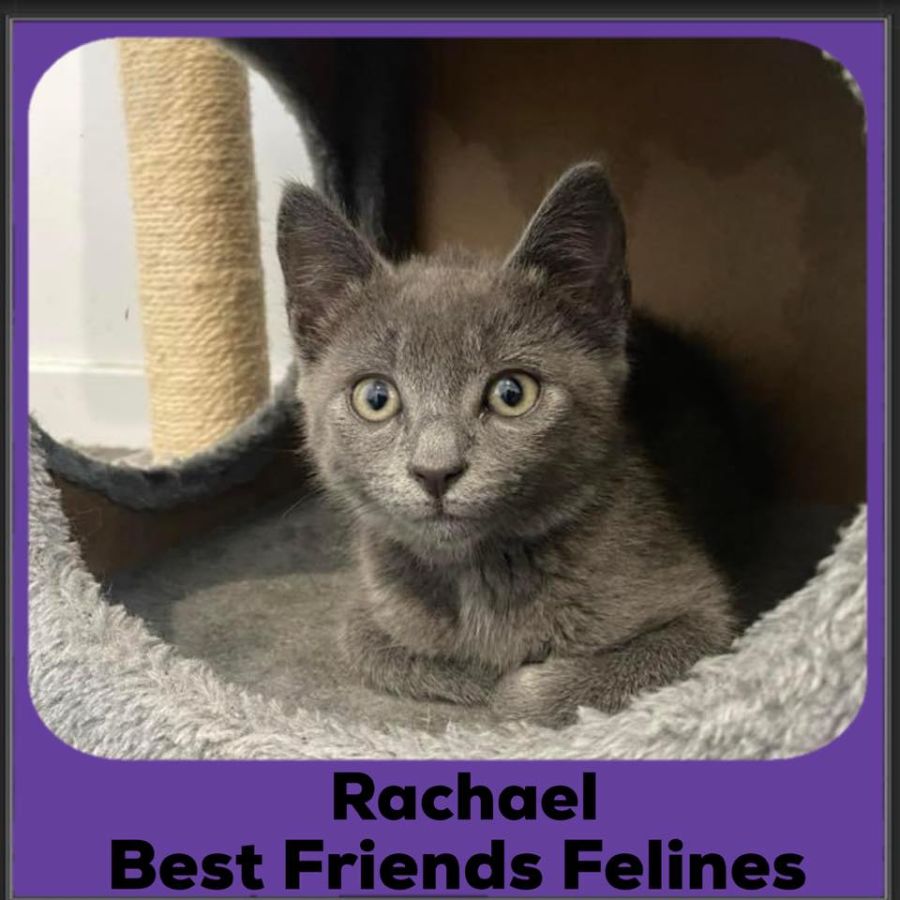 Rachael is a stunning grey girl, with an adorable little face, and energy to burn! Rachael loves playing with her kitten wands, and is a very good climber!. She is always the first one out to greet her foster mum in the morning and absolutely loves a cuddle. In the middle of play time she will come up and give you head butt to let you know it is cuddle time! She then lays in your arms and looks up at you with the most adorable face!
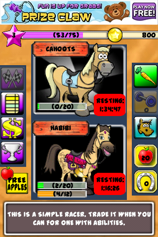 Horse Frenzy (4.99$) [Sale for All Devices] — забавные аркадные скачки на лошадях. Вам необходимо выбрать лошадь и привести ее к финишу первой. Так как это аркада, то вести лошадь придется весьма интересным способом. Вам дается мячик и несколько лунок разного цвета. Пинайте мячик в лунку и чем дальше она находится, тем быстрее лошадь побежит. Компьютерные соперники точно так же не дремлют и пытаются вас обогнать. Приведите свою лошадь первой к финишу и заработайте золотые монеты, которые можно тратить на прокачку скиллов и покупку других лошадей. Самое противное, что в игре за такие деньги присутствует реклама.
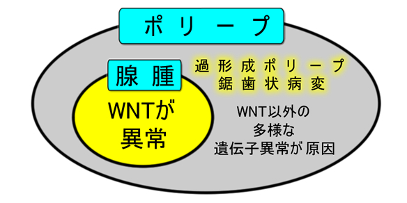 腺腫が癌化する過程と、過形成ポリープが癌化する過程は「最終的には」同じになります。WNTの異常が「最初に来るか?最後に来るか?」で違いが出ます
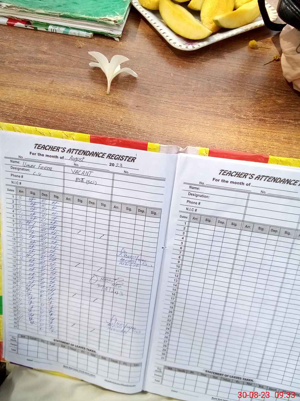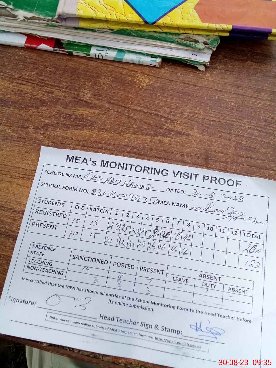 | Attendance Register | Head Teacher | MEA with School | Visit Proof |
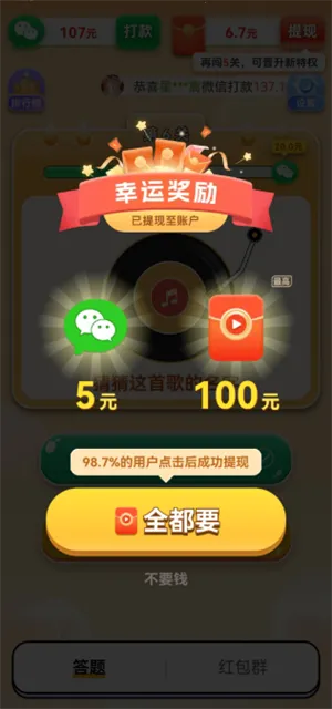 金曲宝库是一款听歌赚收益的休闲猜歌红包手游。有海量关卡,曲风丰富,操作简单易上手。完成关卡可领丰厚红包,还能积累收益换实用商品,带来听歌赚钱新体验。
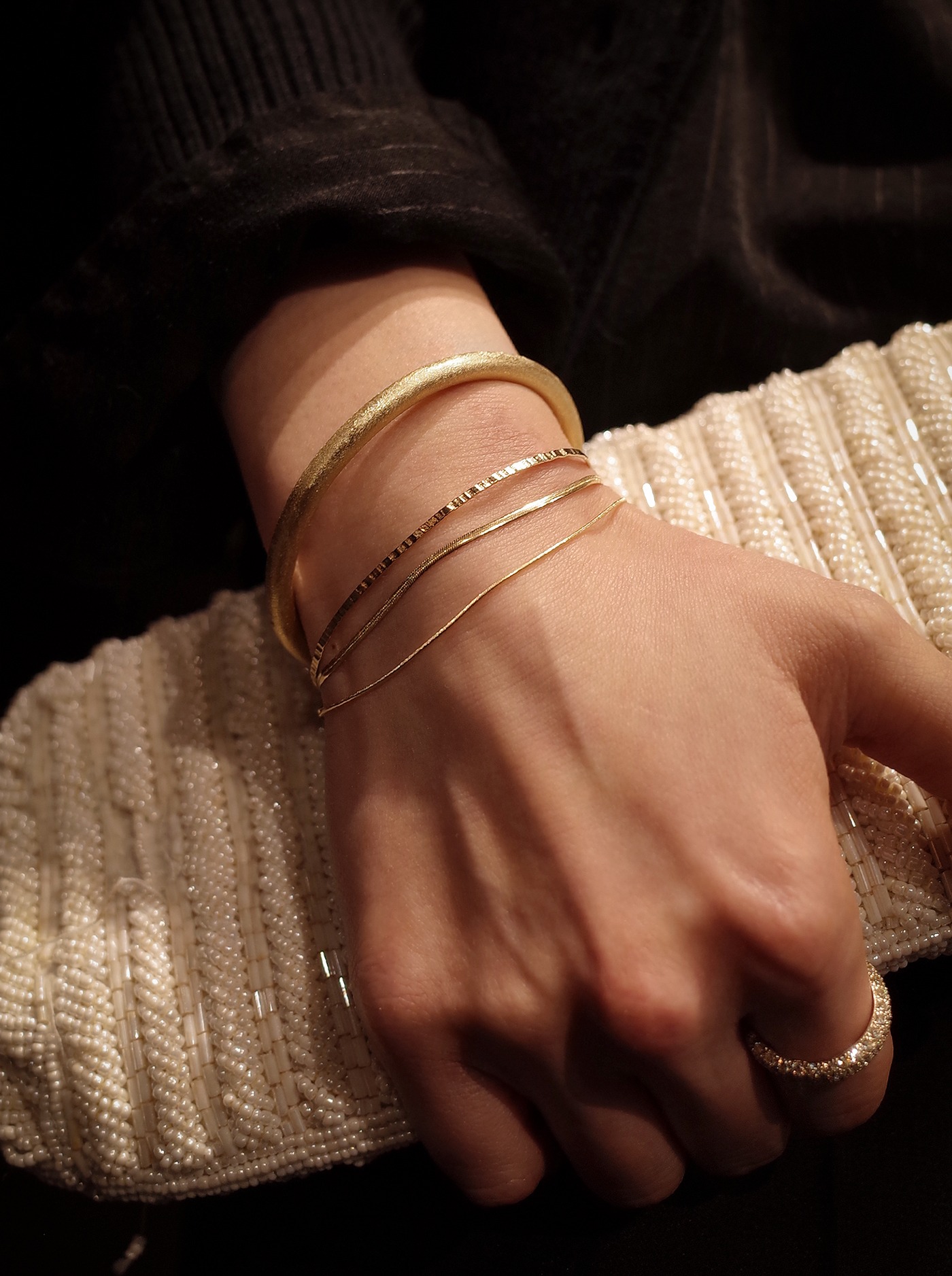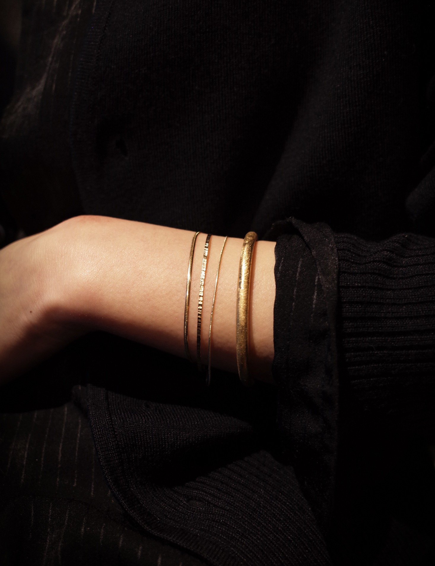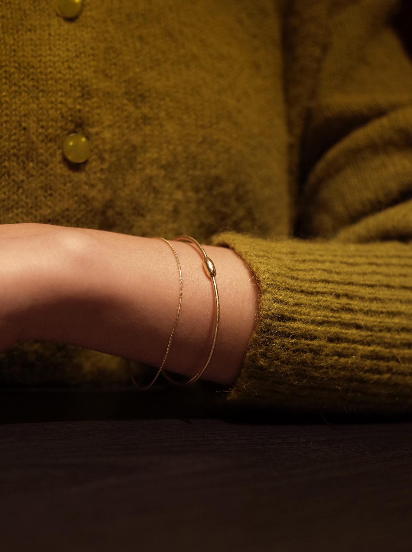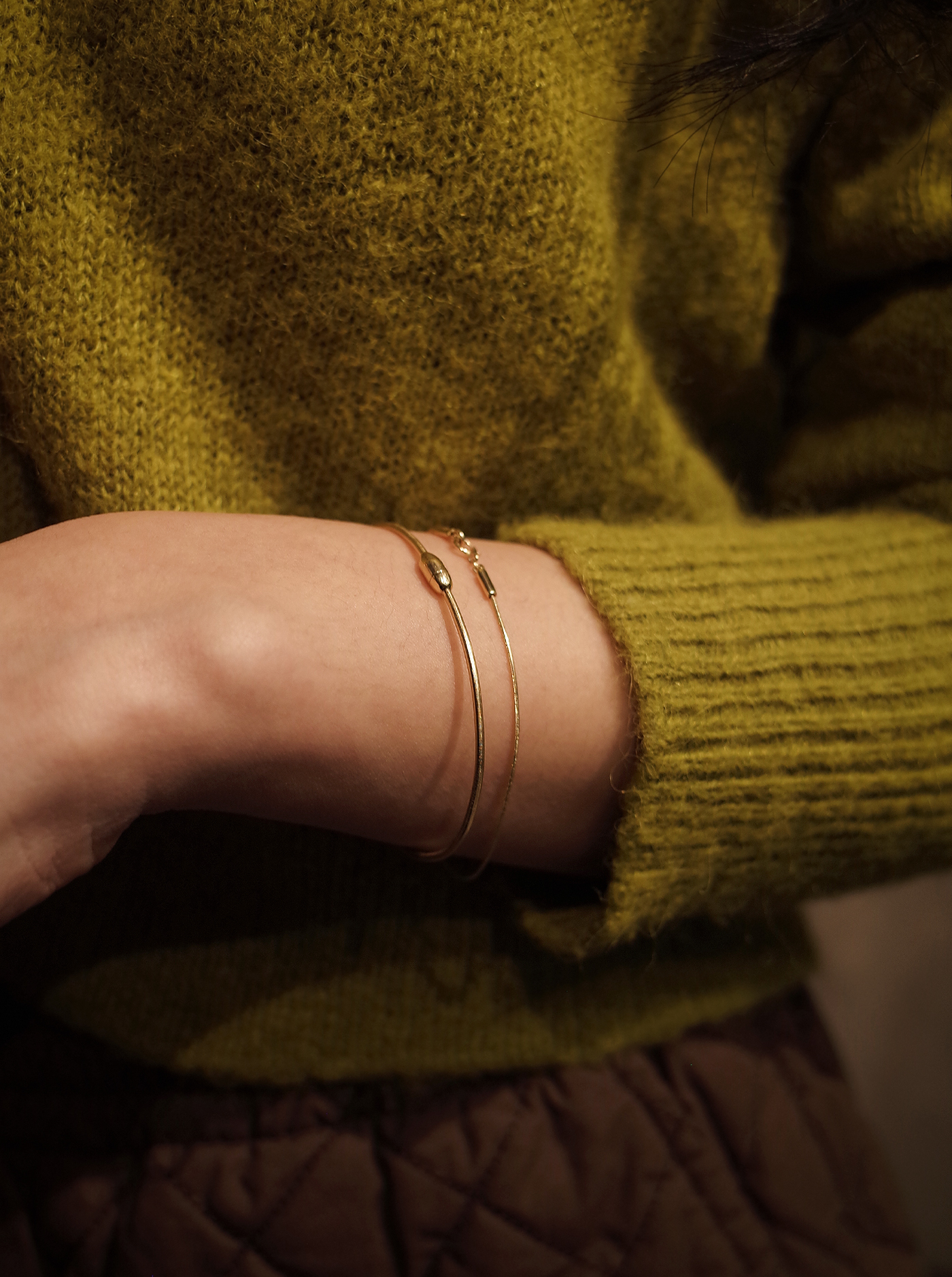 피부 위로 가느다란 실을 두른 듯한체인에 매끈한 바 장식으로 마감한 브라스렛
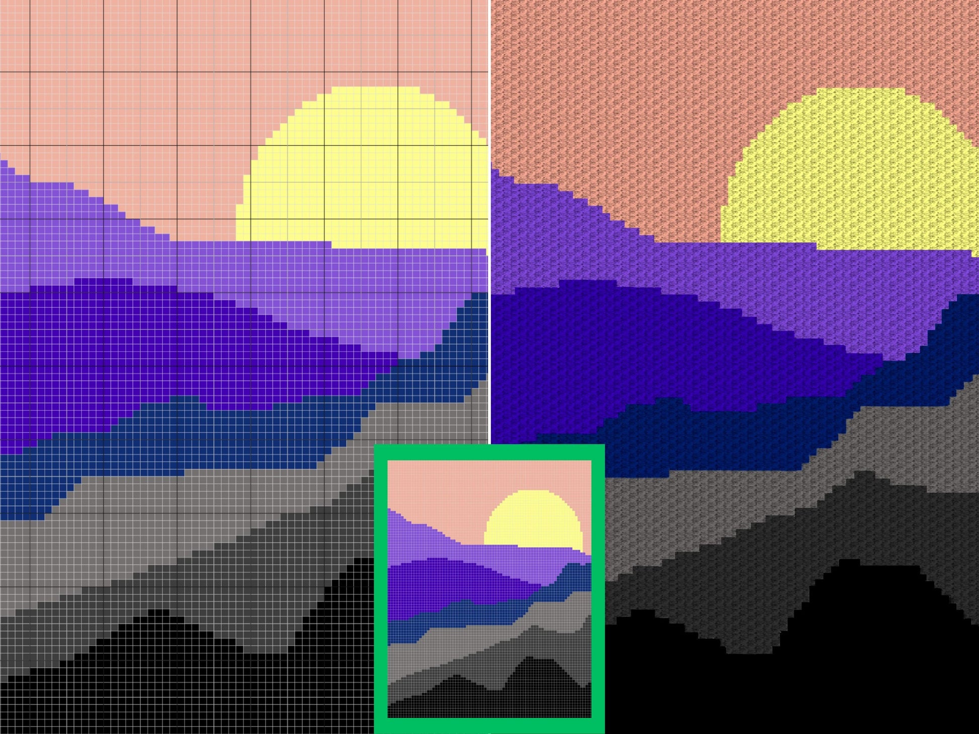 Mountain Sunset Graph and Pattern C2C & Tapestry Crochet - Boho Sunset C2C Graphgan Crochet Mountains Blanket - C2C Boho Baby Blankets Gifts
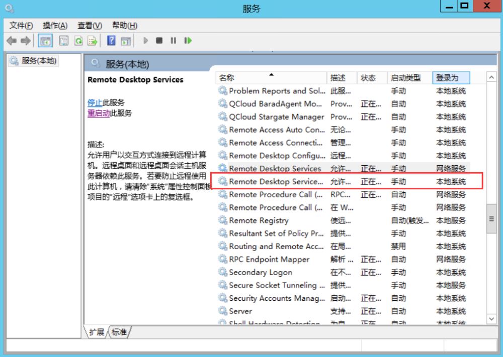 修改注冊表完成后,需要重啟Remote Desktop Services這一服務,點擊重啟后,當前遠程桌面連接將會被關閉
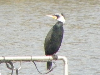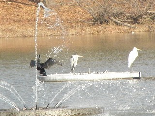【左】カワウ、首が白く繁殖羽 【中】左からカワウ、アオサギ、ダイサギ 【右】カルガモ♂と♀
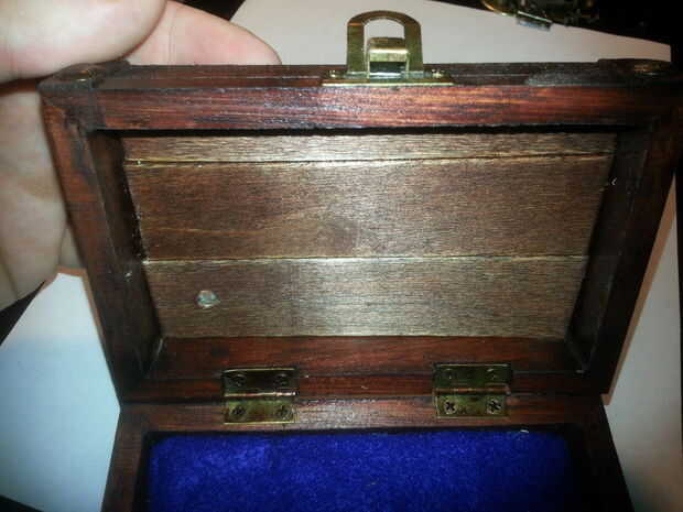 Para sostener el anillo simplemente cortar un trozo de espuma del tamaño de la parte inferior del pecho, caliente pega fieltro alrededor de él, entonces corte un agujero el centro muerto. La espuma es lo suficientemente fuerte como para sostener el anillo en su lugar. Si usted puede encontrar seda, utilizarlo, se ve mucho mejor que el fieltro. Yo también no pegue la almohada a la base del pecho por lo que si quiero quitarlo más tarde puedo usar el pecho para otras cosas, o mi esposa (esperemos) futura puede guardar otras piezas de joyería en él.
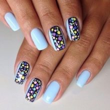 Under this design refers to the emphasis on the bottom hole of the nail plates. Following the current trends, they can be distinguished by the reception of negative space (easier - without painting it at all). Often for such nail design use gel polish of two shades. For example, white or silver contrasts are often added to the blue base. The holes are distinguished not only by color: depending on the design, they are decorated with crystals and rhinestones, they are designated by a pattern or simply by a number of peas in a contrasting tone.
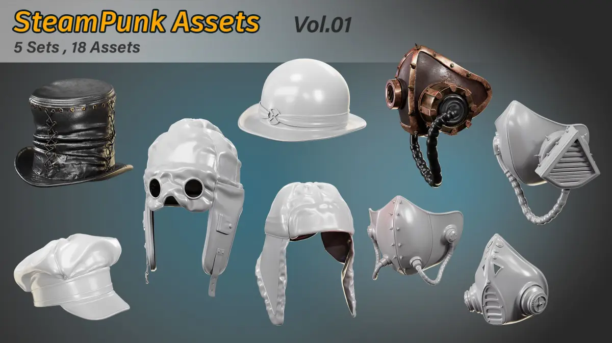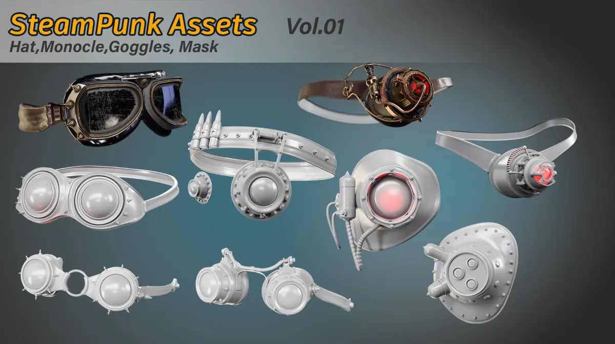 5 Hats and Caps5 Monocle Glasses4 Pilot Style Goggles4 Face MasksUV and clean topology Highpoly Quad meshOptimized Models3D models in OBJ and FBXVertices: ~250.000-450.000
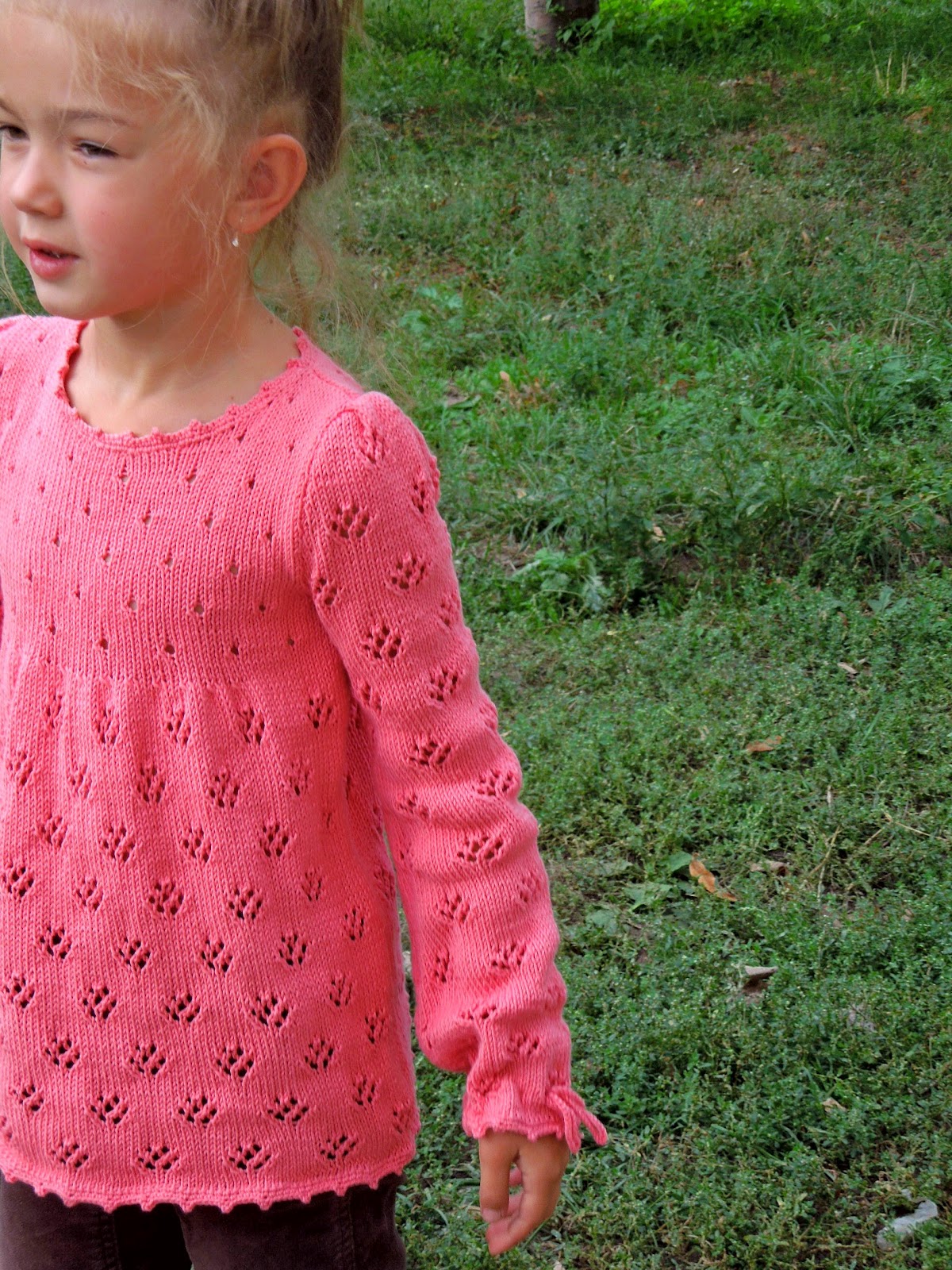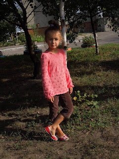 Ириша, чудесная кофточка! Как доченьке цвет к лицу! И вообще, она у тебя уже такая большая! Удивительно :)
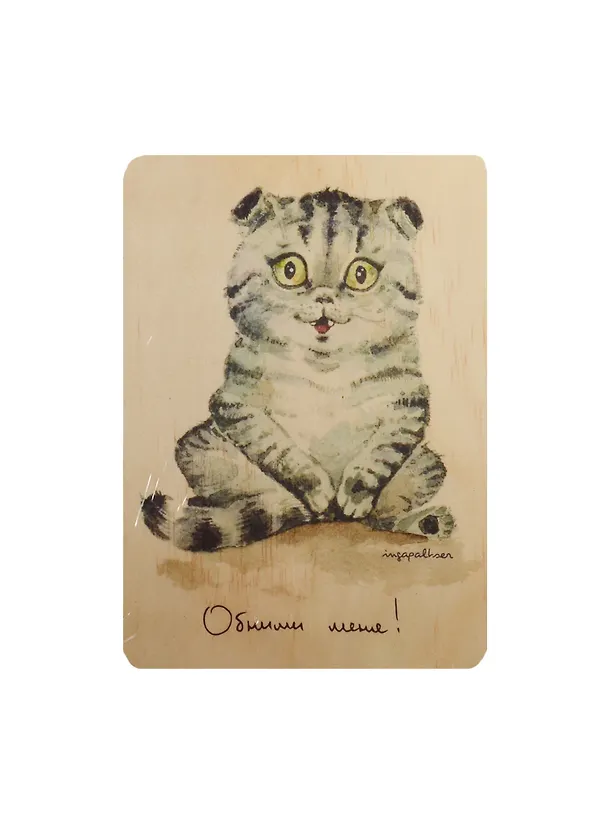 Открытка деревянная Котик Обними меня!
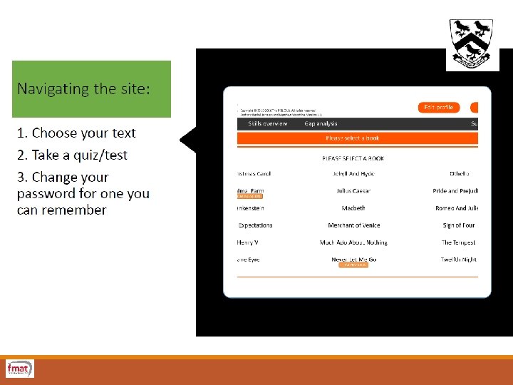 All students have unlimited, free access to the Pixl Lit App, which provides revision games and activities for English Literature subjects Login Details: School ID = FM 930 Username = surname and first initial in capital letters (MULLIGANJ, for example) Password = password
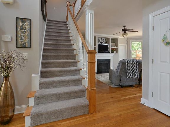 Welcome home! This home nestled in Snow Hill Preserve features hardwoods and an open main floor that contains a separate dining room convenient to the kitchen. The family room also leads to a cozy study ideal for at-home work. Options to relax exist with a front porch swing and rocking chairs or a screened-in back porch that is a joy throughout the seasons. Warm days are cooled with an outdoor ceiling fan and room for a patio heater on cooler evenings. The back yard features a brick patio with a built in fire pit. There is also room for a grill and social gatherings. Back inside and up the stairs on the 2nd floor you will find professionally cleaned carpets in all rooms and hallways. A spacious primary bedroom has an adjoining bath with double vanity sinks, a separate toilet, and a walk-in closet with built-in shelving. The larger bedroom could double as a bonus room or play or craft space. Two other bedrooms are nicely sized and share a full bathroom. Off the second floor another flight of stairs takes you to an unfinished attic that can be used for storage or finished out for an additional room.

### Work item
Would you mind transcribing the material exactly, without the pictures?

### Response area
 Rachael is a stunning grey girl, with an adorable little face, and energy to burn! Rachael loves playing with her kitten wands, and is a very good climber!. She is always the first one out to greet her foster mum in the morning and absolutely loves a cuddle. In the middle of play time she will come up and give you head butt to let you know it is cuddle time! She then lays in your arms and looks up at you with the most adorable face!
 Horse Frenzy (4.99$) [Sale for All Devices] — забавные аркадные скачки на лошадях. Вам необходимо выбрать лошадь и привести ее к финишу первой. Так как это аркада, то вести лошадь придется весьма интересным способом. Вам дается мячик и несколько лунок разного цвета. Пинайте мячик в лунку и чем дальше она находится, тем быстрее лошадь побежит. Компьютерные соперники точно так же не дремлют и пытаются вас обогнать. Приведите свою лошадь первой к финишу и заработайте золотые монеты, которые можно тратить на прокачку скиллов и покупку других лошадей. Самое противное, что в игре за такие деньги присутствует реклама.
 腺腫が癌化する過程と、過形成ポリープが癌化する過程は「最終的には」同じになります。WNTの異常が「最初に来るか?最後に来るか?」で違いが出ます
 | Attendance Register | Head Teacher | MEA with School | Visit Proof |
 金曲宝库是一款听歌赚收益的休闲猜歌红包手游。有海量关卡,曲风丰富,操作简单易上手。完成关卡可领丰厚红包,还能积累收益换实用商品,带来听歌赚钱新体验。
 피부 위로 가느다란 실을 두른 듯한체인에 매끈한 바 장식으로 마감한 브라스렛
 Mountain Sunset Graph and Pattern C2C & Tapestry Crochet - Boho Sunset C2C Graphgan Crochet Mountains Blanket - C2C Boho Baby Blankets Gifts
 修改注冊表完成后,需要重啟Remote Desktop Services這一服務,點擊重啟后,當前遠程桌面連接將會被關閉
【左】カワウ、首が白く繁殖羽 【中】左からカワウ、アオサギ、ダイサギ 【右】カルガモ♂と♀
 Para sostener el anillo simplemente cortar un trozo de espuma del tamaño de la parte inferior del pecho, caliente pega fieltro alrededor de él, entonces corte un agujero el centro muerto. La espuma es lo suficientemente fuerte como para sostener el anillo en su lugar. Si usted puede encontrar seda, utilizarlo, se ve mucho mejor que el fieltro. Yo también no pegue la almohada a la base del pecho por lo que si quiero quitarlo más tarde puedo usar el pecho para otras cosas, o mi esposa (esperemos) futura puede guardar otras piezas de joyería en él.
 Under this design refers to the emphasis on the bottom hole of the nail plates. Following the current trends, they can be distinguished by the reception of negative space (easier - without painting it at all). Often for such nail design use gel polish of two shades. For example, white or silver contrasts are often added to the blue base. The holes are distinguished not only by color: depending on the design, they are decorated with crystals and rhinestones, they are designated by a pattern or simply by a number of peas in a contrasting tone.
 5 Hats and Caps5 Monocle Glasses4 Pilot Style Goggles4 Face MasksUV and clean topology Highpoly Quad meshOptimized Models3D models in OBJ and FBXVertices: ~250.000-450.000
 Ириша, чудесная кофточка! Как доченьке цвет к лицу! И вообще, она у тебя уже такая большая! Удивительно :)
 Открытка деревянная Котик Обними меня!
 All students have unlimited, free access to the Pixl Lit App, which provides revision games and activities for English Literature subjects Login Details: School ID = FM 930 Username = surname and first initial in capital letters (MULLIGANJ, for example) Password = password
 Welcome home! This home nestled in Snow Hill Preserve features hardwoods and an open main floor that contains a separate dining room convenient to the kitchen. The family room also leads to a cozy study ideal for at-home work. Options to relax exist with a front porch swing and rocking chairs or a screened-in back porch that is a joy throughout the seasons. Warm days are cooled with an outdoor ceiling fan and room for a patio heater on cooler evenings. The back yard features a brick patio with a built in fire pit. There is also room for a grill and social gatherings. Back inside and up the stairs on the 2nd floor you will find professionally cleaned carpets in all rooms and hallways. A spacious primary bedroom has an adjoining bath with double vanity sinks, a separate toilet, and a walk-in closet with built-in shelving. The larger bedroom could double as a bonus room or play or craft space. Two other bedrooms are nicely sized and share a full bathroom. Off the second floor another flight of stairs takes you to an unfinished attic that can be used for storage or finished out for an additional room.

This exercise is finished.